The authors have their background and history and age.  I can understand it perfectly well if they considered this work they've delivered as their final heritage to the world of data management (and aren't willing anymore to dedicate the majority of the time they have left in this world dealing with questions like yours).  I understand your question for "more strategic-level guidance" but here's the thing : when I started SIRA_PRISE, I deliberately and willingly and consciously made a choice to disregard all that "language" and "compiler" business, to do only as little of that as turned out to be inevitable, and focus on what the authors' descriptions said it meant "to be relational".  So SIRA_PRISE is entirely data-sublanguage paradigm, SIRA_PRISE expression language is nowhere near "computationally complete", and that's a crystal clear violation of at least one of the PRE's, and yet the authors have not dismissed SIRA_PRISE-as-a-D.  Quite the contrary.  Liberal interpretation gets you to places.  All you need is a sense of not getting too liberal.  If that's too vague, sorry but I can't do better.  If you want "strategic guidance" then you're going to have to do with what you can get out of those people still responding here who might have "gotten it".

Quote from AntC on May 7, 2020, 11:47 am

Currently the document reads as though each of the Pres and Pros are equal requirements for a language to count as a D. But I suspect it's not as heinous to omit Multiple Possreps as it is to transgress RM Pro 3 (no Nulls) or 4 (really no Nulls). Is a language without the Tuple operators of RM Pre 6 irretrievably beyond the pale of Relationland? That seems harsh when the effect could be achieved by placing individual tuples within relations, and applying relational operators -- presuming there's an IS_EMPTY( ), COUNT(*), TUPLE FROM ... to inspect the result.

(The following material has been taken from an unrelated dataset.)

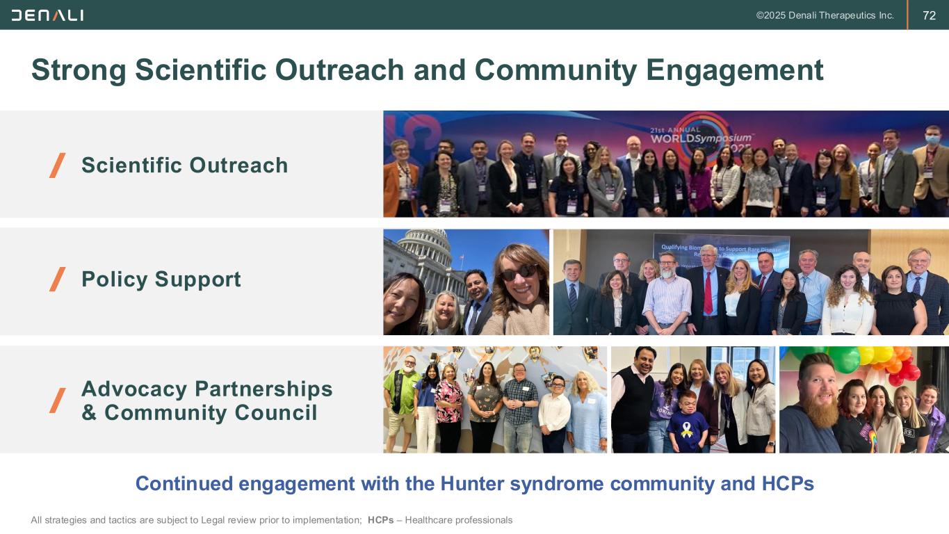 72 Strong Scientific Outreach and Community Engagement All strategies and tactics are subject to Legal review prior to implementation; HCPs – Healthcare professionals Continued engagement with the Hunter syndrome community and HCPs Scientific Outreach Advocacy Partnerships & Community Council Policy Support

Yes the document does not include numerical measurement of "degree of importance" for each individual rule.  Yes I'm confident an implementation constraining users to single-possrep could (would) be "condoned" as "sufficiently compliant" whereas an implementation condoning NULL would not (see Alphora D4).  The same ***could*** be true of a language deliberately choosing to not expose TUPLE types ***within the language***, i.e. as a full-blown first-class data type.  SIRA_PRISE was once like that.  The database contains only relations, the system is meant to only expose those relations, no need for tuple-level stuff inside the language, presuming (and you've already said it).

Quote from AntC on May 7, 2020, 11:47 am

I'd also like to see some of the points couched more in terms of objective/requirement than implementation. ...  In that vein, less specificity about implementation in procedural languages/program internals; more semantics about the required effect on the database/DBMS, that could be interpreted into other language paradigms and/or interpreted into 'features' to support D-ness within an existing language.

The authors came to where they arrived from the engineering side of things.  Neither of them are the Codd/Dijkstra/Hoare/... style of fundamental scientist.  And there are limits to what such a non-scientist can express if he's not allowed to ultimately resort to implementation-level language.  Express semantics by stating the algorithm.  Hell, even Dijkstra did that often enough.  Maybe it's regrettable they got "stuck in the sixties" and never got beyond COBOL and PL/1 (to put it bluntly).  Otoh I would expect any IT guy of considerable age to be able to remember what programming in COBOL, PL/1, RPG for God's sake, ... was like in those days, and thereby get a sense of what the TTM authors are getting at at any particular point in their narrative.  (E.g. my understanding of BS12 is that it was aimed at solving the exact same problem that RPGII was invented for.  I never saw one byte of BS12 code before Hugh started posting it here and I willfully skipped all of my RPGII classes.)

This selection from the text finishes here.